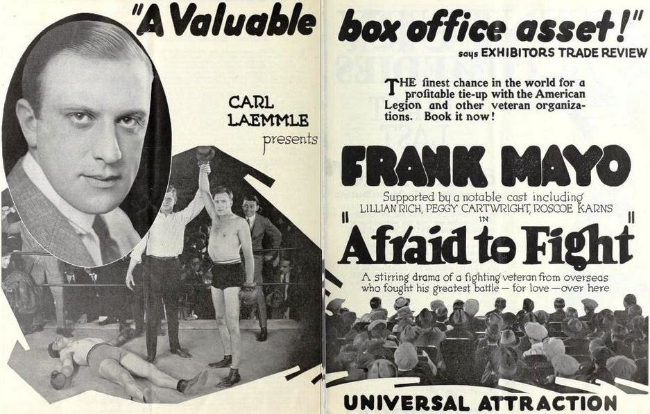 Ad for the American film Afraid to Fight (1922) with Frank Mayo, on pages 28 and 29 of the July 22, 1922 Universal Weekly.
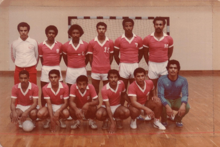 Al-Arabi team handball 1986.
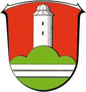 Coat of Arms of Neuenstein
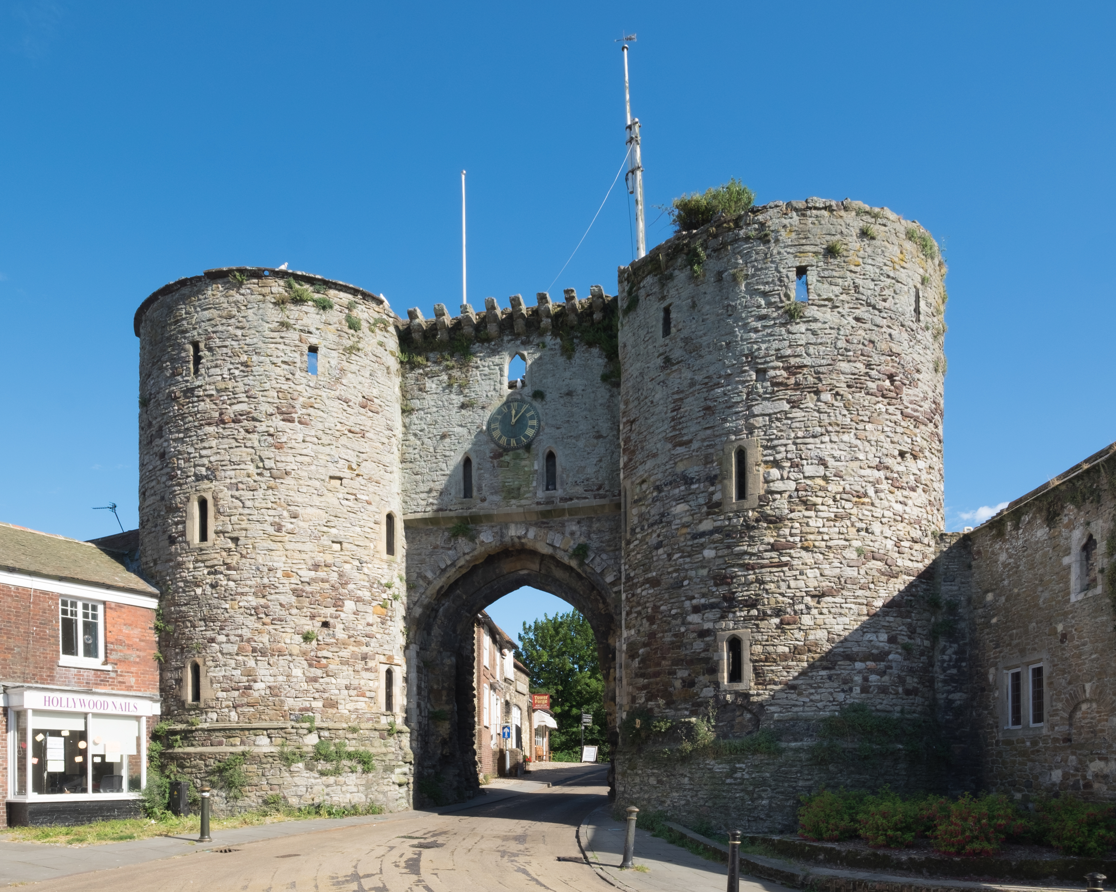 The Landgate, Rye, East Sussex. This 14th-century gatehouse is a grade I listed building in England.
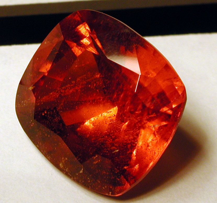 Mined Clinohumite IN GEMSTONE FORM From Pamir MTS - OLD USSR Natural Gold-Orange 7 Color Cushion Cut 17.8x16mm 21.34 cts. Very very rare. The image is from a gemstone in a private collection and is donated to the Public Domain by David Zotter / Bennett-Walls / and
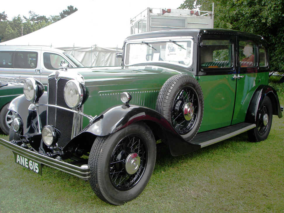 1934 morris Oxford saloon. DVLA: 2107cc manf. 1934, first registered 7 April 1934 Photographed by myself on 20 August 2006 at Tatton park, Cheshire UK

────────────────────

EXERCISE DESCRIPTION
Give back, exactly as written, the lines from the top of the material through the line with "Coat of Arms of Neuenstein", ends included and pictures left aside.

RESULT FOR THIS TASK
 Ad for the American film Afraid to Fight (1922) with Frank Mayo, on pages 28 and 29 of the July 22, 1922 Universal Weekly.
 Al-Arabi team handball 1986.
 Coat of Arms of Neuenstein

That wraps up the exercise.